Hello datamethods community,
My colleague, @Pavlos_Msaouel and I have been developing a general framework for quantifying the magnitude of clinical benefit in RCTs, aiming to move beyond some of the limitations of hazard ratios and rigid, threshold-based value frameworks.
Our approach, “BayeScores,” is a Bayesian AFT mixture-cure model. It decomposes efficacy into two interpretable components: the odds of achieving long-term survival (OR for cure) and the survival time-gain among the uncured (Time Ratio, TR). This seems particularly useful for adjuvant or curative-intent studies where non-proportional hazards are common and a “cure” fraction is a key outcome.

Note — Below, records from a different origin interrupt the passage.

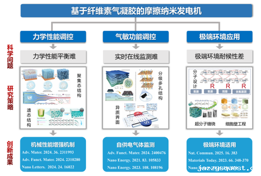 ໃນຊຸມປີມໍ່ໆມານີ້, ພາຍໃຕ້ການນໍາພາຂອງ Nie Shuangxi, ກຸ່ມດັ່ງກ່າວໄດ້ດໍາເນີນການຄົ້ນຄ້ວາພື້ນຖານຢ່າງເປັນລະບົບກ່ຽວກັບການກໍ່ສ້າງແລະກ້າວຫນ້າທາງດ້ານອຸປະກອນທີ່ເປັນປະໂຫຍດຂອງເຈ້ຍ, ແລະວາງທິດທາງການຄົ້ນຄວ້າຂອງ "Frictional Nanogenerator Based on Cellulose Aerogel", ເຊິ່ງແກ້ໄຂບັນຫາຄໍຂວດຂອງຄວາມທົນທານຕໍ່ດິນຟ້າອາກາດທີ່ບໍ່ດີໃນສະພາບແວດລ້ອມທີ່ໂຫດຮ້າຍແລະຍາກທີ່ຈະປັບປຸງຄຸນສົມບັດກົນຈັກຂອງ ແຮງສຽດສີ ແບບດັ້ງເດີມ. ໂດຍຜ່ານຍຸດທະສາດຂອງລະບຽບໂຄງສ້າງການລວບລວມ cellulose airgel ແລະວິສະວະກໍາການໂຕ້ຕອບຂອງໂຄງສ້າງໄມ້ທີ່ສົມບູນ, ພວກເຂົາເຈົ້າໄດ້ວິເຄາະຄວາມສໍາພັນລະຫວ່າງ ແຮງລະຫວ່າງໂມເລກຸນ cellulose ແລະຄຸນສົມບັດກົນຈັກ, ຊີ້ແຈງ ກົນໄກການກະຈາຍພະລັງງານຂອງ cellulose triboelectric aerogels, ແລະແຕກແຍກໂດຍຜ່ານບັນຫາທີ່ ນ້ຳໜັກເບົາແລະຄວາມແຂງສູງຂອງອຸປະກອນການ. ໂດຍຜ່ານຍຸດທະສາດຂອງວິສະວະກໍາການໂຕ້ຕອບ ທີ່ບໍ່ເປັນເນື້ອດຽວກັນມີ ຮູຕາມລຳສ ດັບຊັ້ນ ແລະປະກອບຕົນເອງ, ພວກເຂົາເຈົ້າສົບຜົນສໍາເລັດ endowed cellulose aerogels ມີຫນ້າທີ່ລະອຽດອ່ອນຂອງອາຍແກັສ,ຮັບຮູ້ສະຖານທີ່ ໃນເວລາຈິງຕິດຕາມກວດກາອາຍແກັສເຊັ່ນ: ammonia ແລະ ອາຍນ້ໍາ. ໂດຍຜ່ານການອອກແບບໂມເລກຸນຂອງ cellulose, ວິສະວະກໍາ cell wall , ການຕິດພັນຂອງ ໂມເລກຸນ ແລະຍຸດທະສາດອື່ນໆ, ການຕ້ານການແປວໄຟຄວາມຫມັ້ນຄົງຂອງຄວາມຮ້ອນແລະການຕໍ່ຕ້ານນ້ໍາຂອງ cellulose triboelectric aerogels ໄດ້ຖືກປັບປຸງຢ່າງຫຼວງຫຼາຍ, ຮັບຮູ້ ການນໍາໃຊ້ປະສິດທິພາບໃນສະພາບແວດລ້ອມທີ່ຮ້າຍໄປເຊັ່ນ: ອຸນຫະພູມສູງ, ຄວາມຊຸ່ມຊື່ນສູງ, ແສງສະຫວ່າງທີ່ເຂັ້ມແຂງ, ອຸນຫະພູມຕ່ໍາແລະອາຍແກັສພິດຂອງອຸປະກອນການທໍາລາຍຄວາມລົ້ມເຫຼວຂອງການປະຕິບັດ.
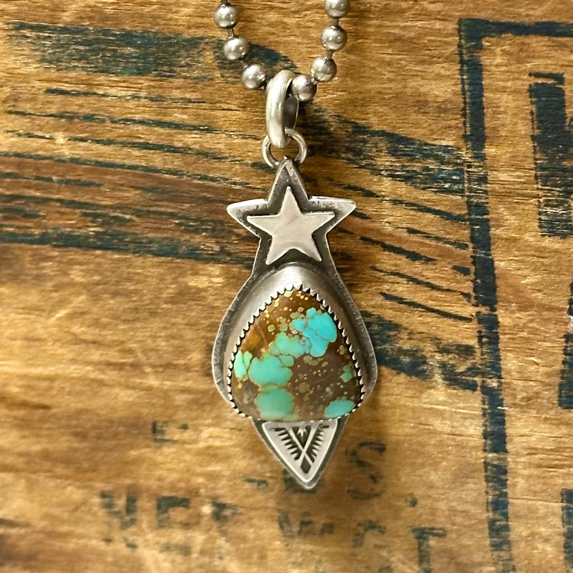 Worn like a relic of the land itself, the Desert Star pendant captures the untamed beauty of the Southwest in its purest form. At its center lies an organically-shaped Black Hills turquoise stone from Nevada —smooth, natural, and alive with vivid teal, russet, and sienna hues. No two turquoise stones are alike, each echoing the desert floor and sky in its rich, earthy color palette.
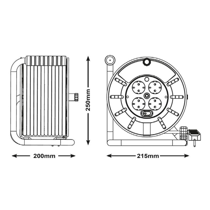 Enrolador de cabos Pro-XT - 4 tomadas - Cabo de alta visibilidade 3x1,5mm2 - 25m - IP20
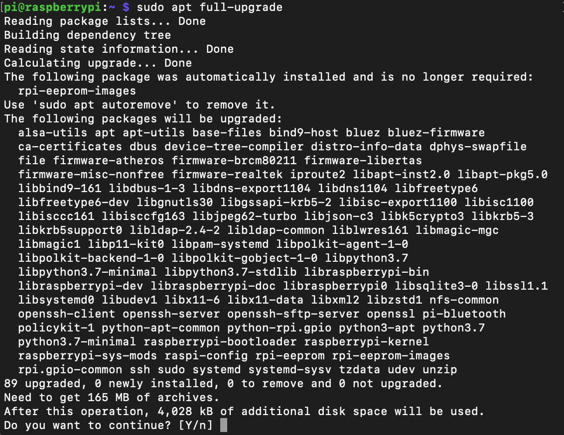 패키지 정보 업데이트 full-upgrade 명령은 Source에 대응하는 모든 소프트웨어를 최선 버젼으로 변경한다.

A key feature is an identifiability diagnostic (monitoring the posterior correlation of log(OR) and log(TR)). This is coupled with a 3-level prior system (Neutral, Skeptical, Strong Skeptical) on the cure component. This system allows formally encoding clinical belief (e.g., from “cure is plausible” to “very unlikely”) to help regularize the model and stably collapse it to a standard AFT formulation when the data are immature or show no real cure signal.
We’ve attached an example figure that shows this in action. Panels A-F visualize how non-identifiability (a strong negative correlation) at 2 years resolves as follow-up increases to 5 years. Panels G-J show how the skeptical prior helps resolve a mis-specified model, collapsing it to a stable AFT-only fit.
Finally, we map these components (OR and TR) to a continuous 0-100 utility score using a concave function to avoid the “cliff effects” of categorical systems and properly encode diminishing returns.
We’ve implemented this in an R package (using Stan) and have put the code and a detailed work example on GitHub: https://github.com/albertocarm/bayescores
We would be extremely grateful for any feedback, critiques, or advice this community might have on the statistical approach, the model specification, or potential pitfalls we may have overlooked.